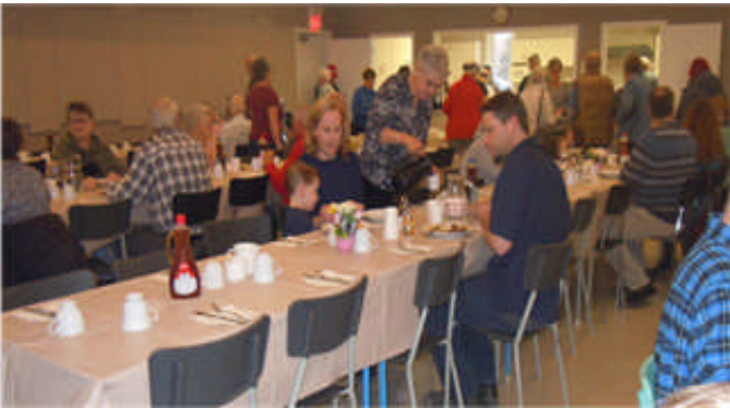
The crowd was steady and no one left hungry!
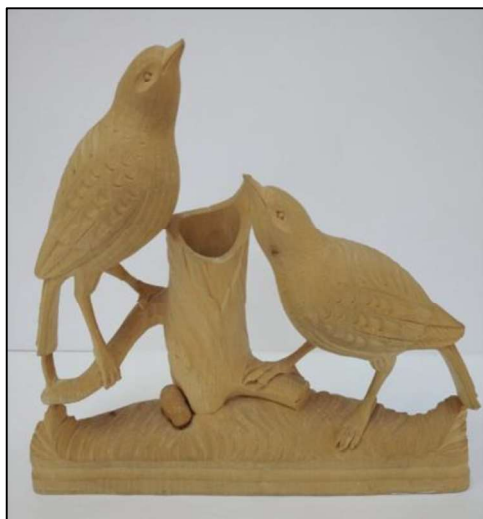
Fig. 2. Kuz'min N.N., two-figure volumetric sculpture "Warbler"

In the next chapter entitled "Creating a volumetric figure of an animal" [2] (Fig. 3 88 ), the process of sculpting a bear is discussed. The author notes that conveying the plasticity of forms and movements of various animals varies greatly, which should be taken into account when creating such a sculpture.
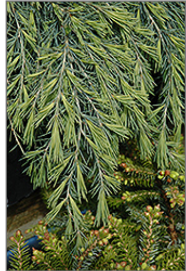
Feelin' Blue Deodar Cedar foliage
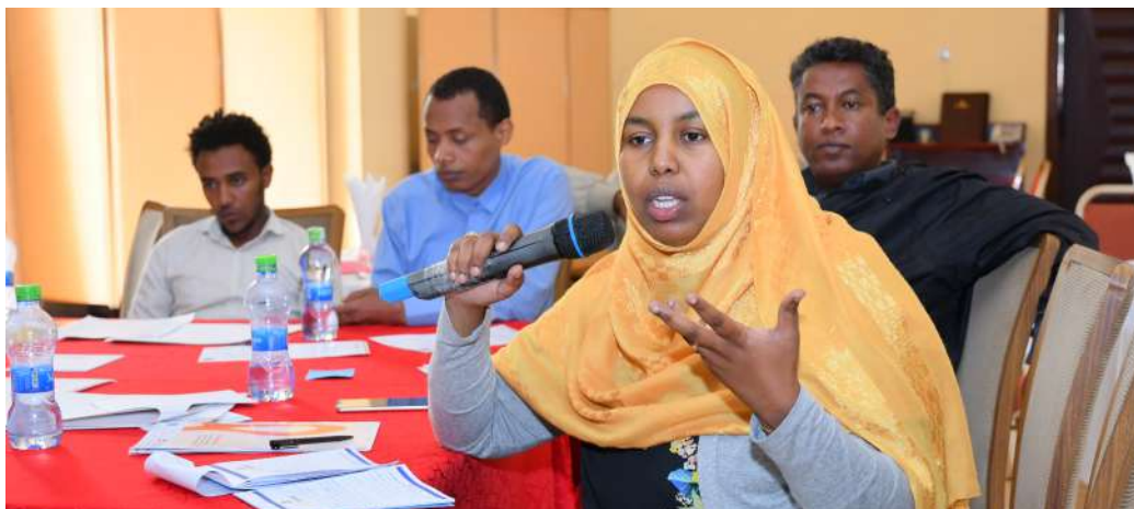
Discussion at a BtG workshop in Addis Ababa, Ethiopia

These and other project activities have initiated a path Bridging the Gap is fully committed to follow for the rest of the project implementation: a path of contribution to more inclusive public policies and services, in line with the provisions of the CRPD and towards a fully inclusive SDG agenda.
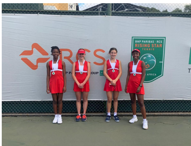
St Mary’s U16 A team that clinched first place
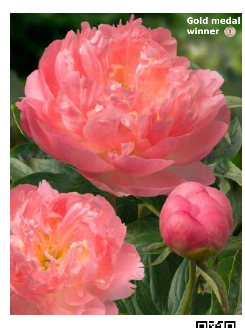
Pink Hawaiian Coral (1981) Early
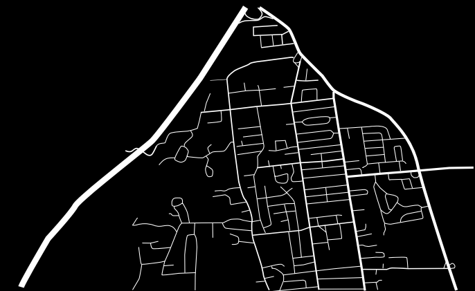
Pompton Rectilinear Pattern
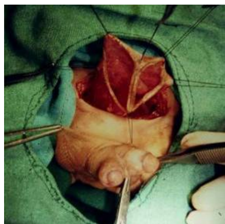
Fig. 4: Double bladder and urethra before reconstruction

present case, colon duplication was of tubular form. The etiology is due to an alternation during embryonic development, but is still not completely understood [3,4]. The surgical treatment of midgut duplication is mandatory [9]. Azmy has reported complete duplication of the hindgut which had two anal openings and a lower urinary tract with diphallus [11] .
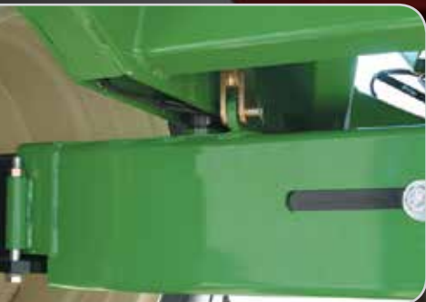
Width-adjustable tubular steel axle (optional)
○ ○ ○
- ASSIGNMENT -
Starting at the first entry above and ending at the last, write everything out exactly except the pictures.

- RESPONSE TO THIS TASK -
The crowd was steady and no one left hungry!
Fig. 2. Kuz'min N.N., two-figure volumetric sculpture "Warbler"

In the next chapter entitled "Creating a volumetric figure of an animal" [2] (Fig. 3 88 ), the process of sculpting a bear is discussed. The author notes that conveying the plasticity of forms and movements of various animals varies greatly, which should be taken into account when creating such a sculpture.
Feelin' Blue Deodar Cedar foliage
Discussion at a BtG workshop in Addis Ababa, Ethiopia

These and other project activities have initiated a path Bridging the Gap is fully committed to follow for the rest of the project implementation: a path of contribution to more inclusive public policies and services, in line with the provisions of the CRPD and towards a fully inclusive SDG agenda.
St Mary’s U16 A team that clinched first place
Pink Hawaiian Coral (1981) Early
Pompton Rectilinear Pattern
Fig. 4: Double bladder and urethra before reconstruction

present case, colon duplication was of tubular form. The etiology is due to an alternation during embryonic development, but is still not completely understood [3,4]. The surgical treatment of midgut duplication is mandatory [9]. Azmy has reported complete duplication of the hindgut which had two anal openings and a lower urinary tract with diphallus [11] .
Width-adjustable tubular steel axle (optional)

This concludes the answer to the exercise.